Community college is acceptable. All you have to do is list the course and the book on the cirriculum that you submit to your district when you file your papers at the beginning of the school year. And even with the grade card from college, you still have to have the certified teacher review and accept your child's work from the past year. No way around it, unless you get a work release for a child 16 or older.

Another way to get around the certification requirement is to post an ad at a local college where they offer teaching courses. You would probably get newly certified teachers to review the work with very few problems. My step sister would have jumped at the chance to get a little extra cash between being certified and landing an actual teaching job. Unfortunately for me, she took a couple years too long to get her certification.

country_wife, an hour in which direction?


----------



## country_wife

Danaus29 said:


> "Dropping out" is not an option for home schooled children, I checked when my kids were school age. You would have to enroll them in school in order to withdrawal them. Stupid, but that is the law. And yes, they can graduate from high school at 15 and not fall under the state mandated compulsory attendance age but home schoolers are still required to fill out the paperwork until the child turns 18. I have checked, even with an attorney. There is no legal way around the 18 year requirement. Even the Mennonites and Amish that have their own schools can graduate students that are as young as 12, but home school paperwork is required until the age of 18. ...
> .
> country_wife, an hour in which direction?

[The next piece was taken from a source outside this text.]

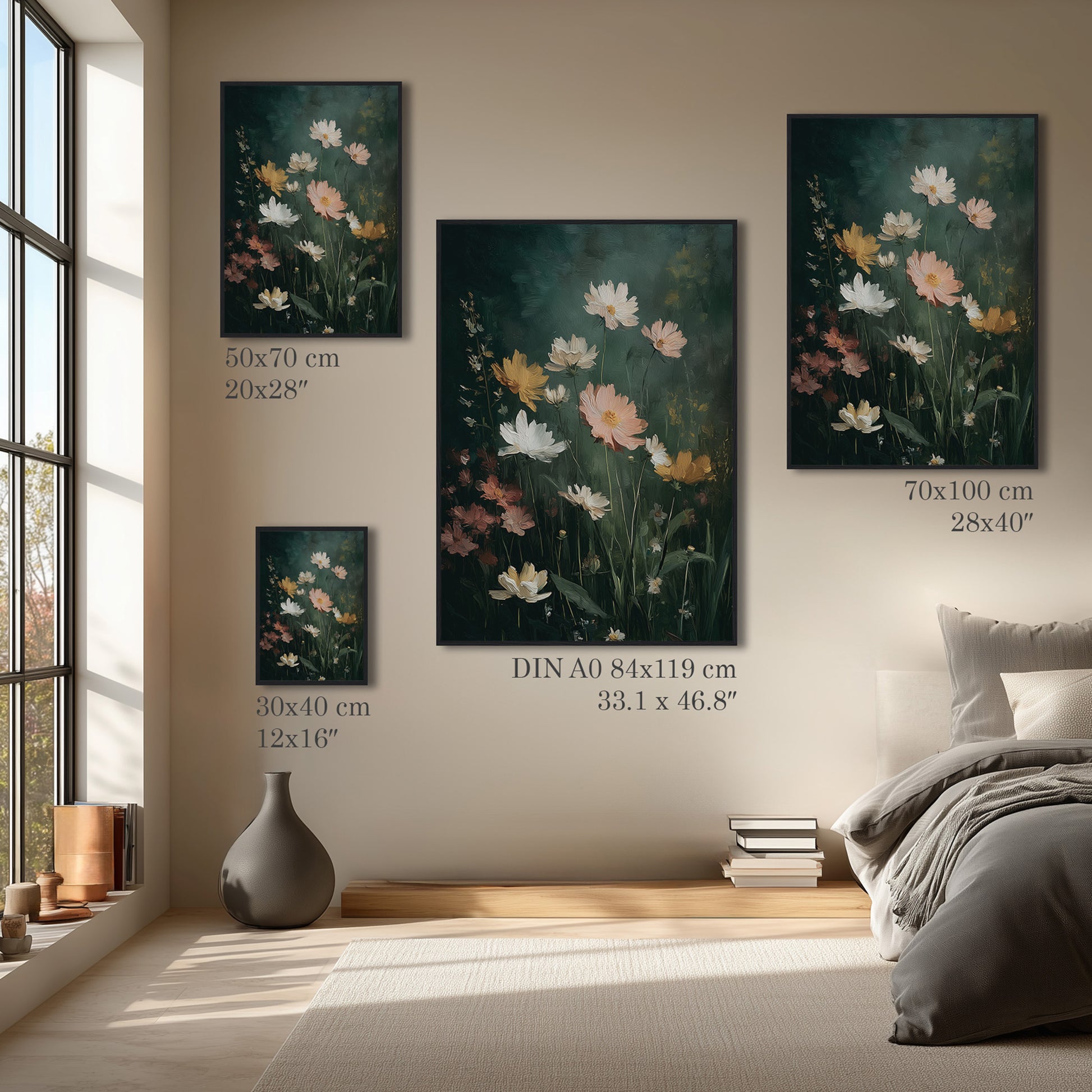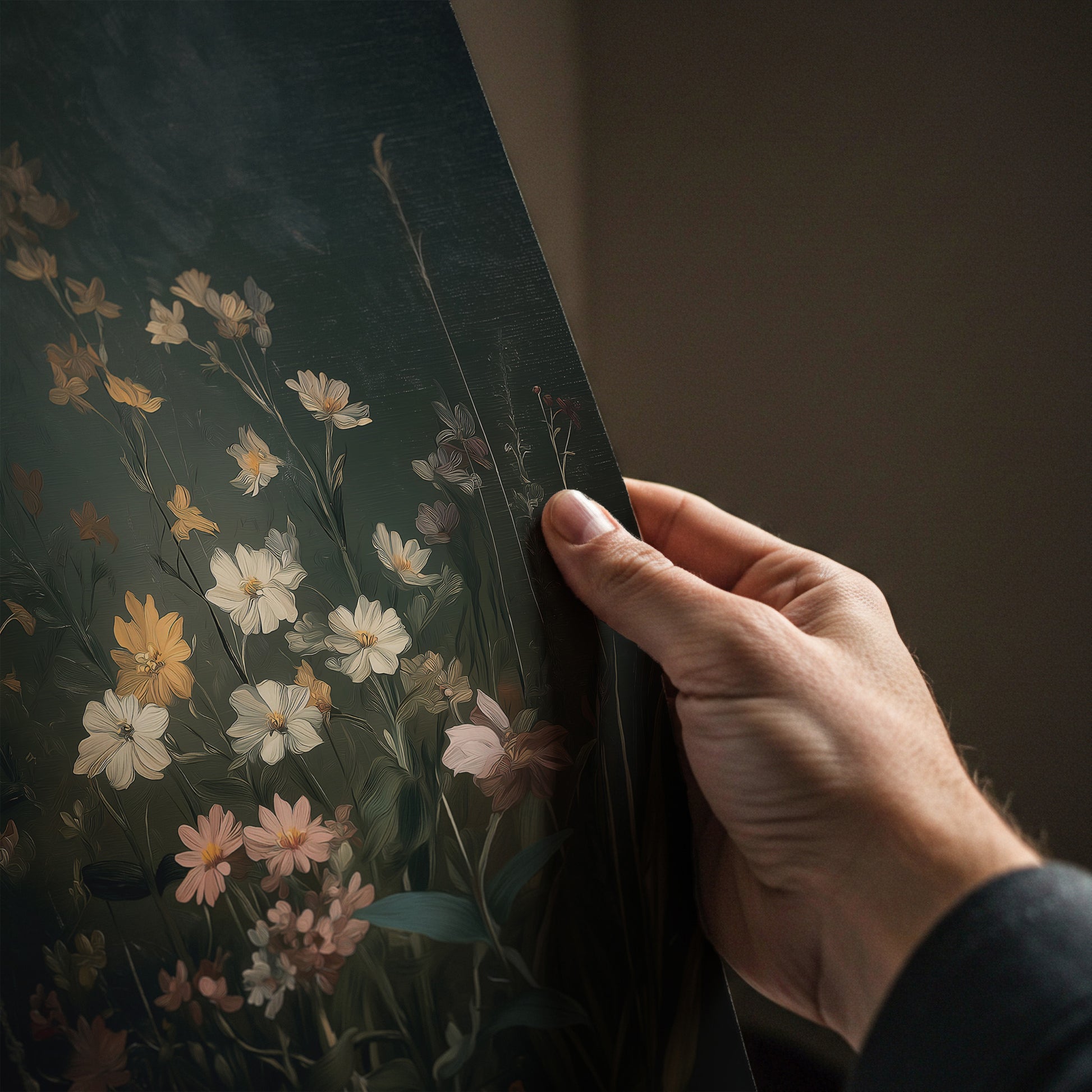 This dark midnight garden oil painting highlights soft flowers emerging from a deep, moody background. Ideal for bedrooms or accent walls, it adds elegance, contrast, and a calm nighttime atmosphere to modern interiors.

This is pretty much the same answer I'm getting everywhere. We can graduate her now, but we'll still have to do assessments until the year she turns 18. As it works out, it's only an extra year, so we'll probably just keep up what we've been doing. She's working her way through college textbooks this year, so next year will most likely be more of the same, along with a part time job. She was hoping to work full time, but because of the required work permit for students, she'll be stuck with part time during the school year. 

We're 45 minutes north of Polaris.

Thanks, everyone, for the input!


----------



## Danaus29

Wow! You are pretty close. I probably went close to your place when I went to Greenwich on Tuesday. I'm actually off I-71, exit 97, down in Darbydale.


----------



## lyceum

My brother was 16 when he finished home school. He went to community College for a year before transferring to Purdue without any problems at all.

Carisa


----------